I've never been able to see the surge heat map when far away from home like on a long drive return I wanted to see where it was hot.... No surge showed up till I got close to the city physically.... Zooming in didn't change anything for me till I was 15-20 miles out


----------



## TimInOhio (Mar 20, 2020)

Uberguyken said:


> I've never been able to see the surge heat map when far away from home like on a long drive return I wanted to see where it was hot.... No surge showed up till I got close to the city physically.... Zooming in didn't change anything for me till I was 15-20 miles out


OK, thanks.


----------



## rondog2400 (Jul 28, 2019)

TimInOhio said:


> I live roughly equidistant from 4 much bigger metropolitan areas that are much more likely to see surges than my "home" area. I've never seen any surge on the map for any of these areas. SHOULD I be able to scroll/zoom to an area and see if a surge is happening? Or does it only show in your home city? Thanks.


I see surge no matter where im at lol.. it was huge last night , i did only 7 trips in 3 hrs but made $137.00! Not to shabby , last week same thing 14kon line hrs and over $450.00


----------



## FLKeys (Dec 27, 2018)

I can only see surge for the market I am in. I can also only see airport wait times from the market I am in.

When I cross market lines the map updates to that markets surge maps and shows that markets airports.


----------



## Ssgcraig (Jul 8, 2015)

TimInOhio said:


> I live roughly equidistant from 4 much bigger metropolitan areas that are much more likely to see surges than my "home" area. I've never seen any surge on the map for any of these areas. SHOULD I be able to scroll/zoom to an area and see if a surge is happening? Or does it only show in your home city? Thanks.

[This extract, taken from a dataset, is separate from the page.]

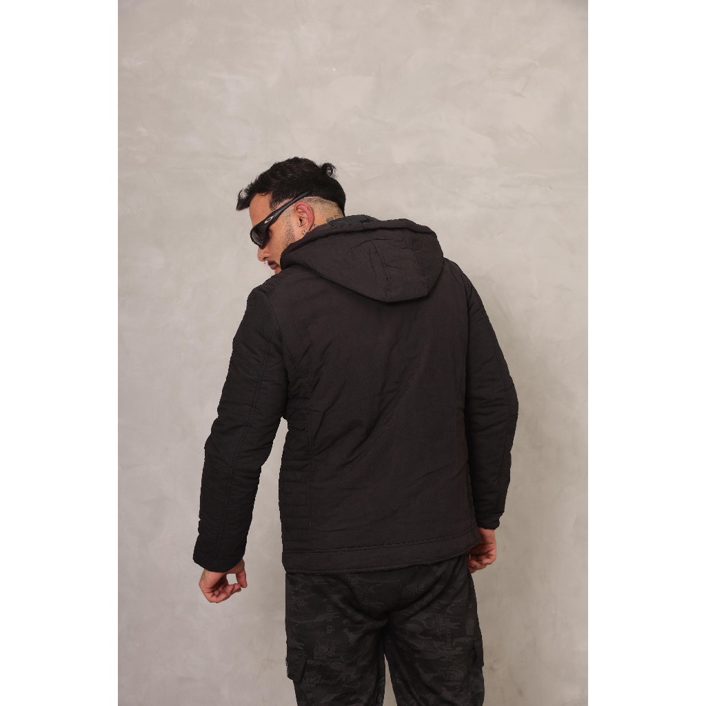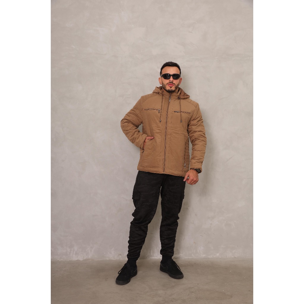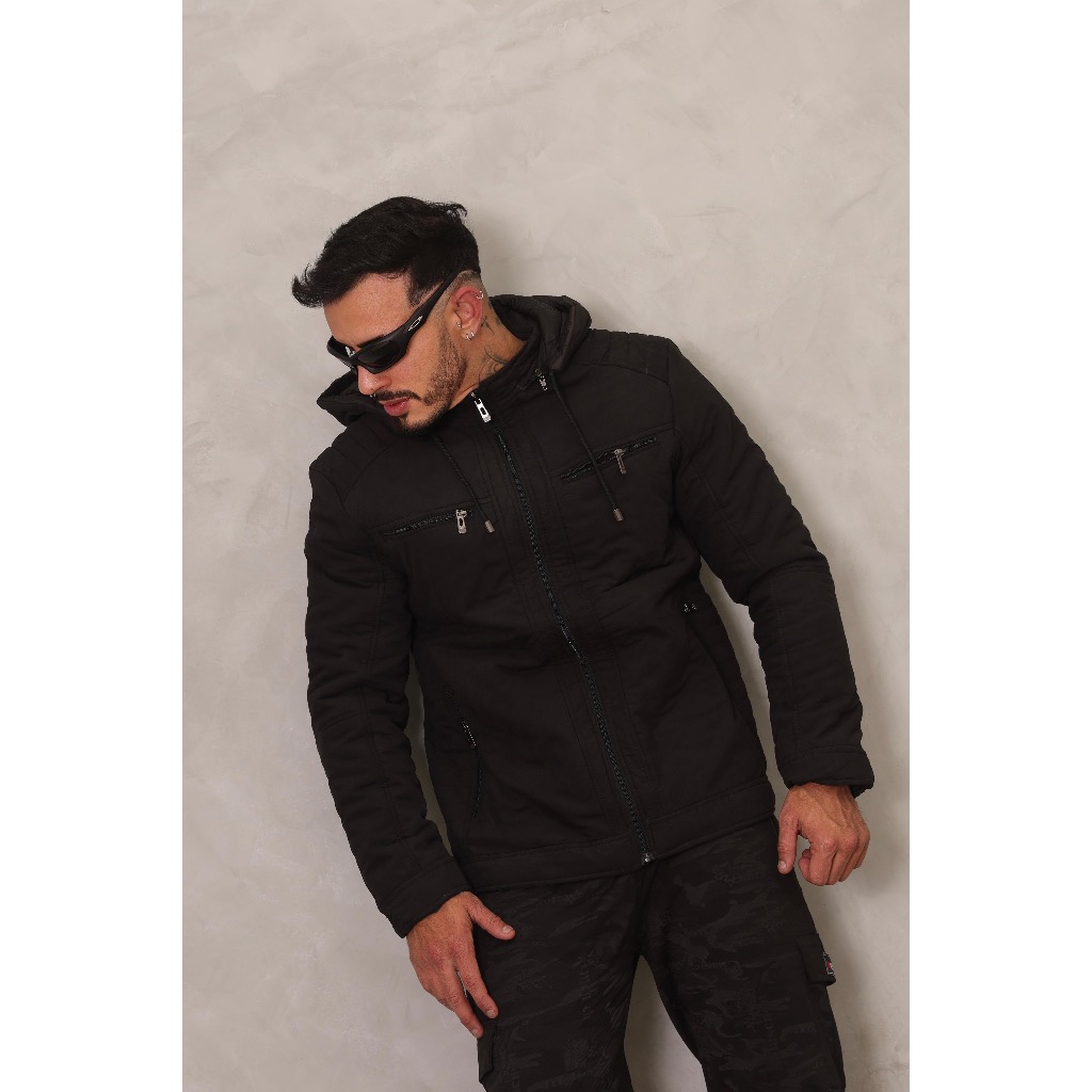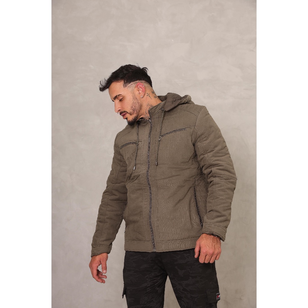 Jaqueta masculina dupla face tecido sarja de um lado e nylon no outro lado de alta qualidade impermeável capuz removível

I am 35 miles away from Boston and I can see surge there. When there are football games, I can see the surge 60 miles to the stadium. Your state may be like mine, they can't have surge during a state of emergency. Once I go into NH, I can't see any surge in MA, same for when I am in MA, can't see it in NH.


----------



## Pinkpigpete (Jun 28, 2020)

I can see my surge up to about 30 miles away... Afterwards the next metropolitan area comes in in every direction.


----------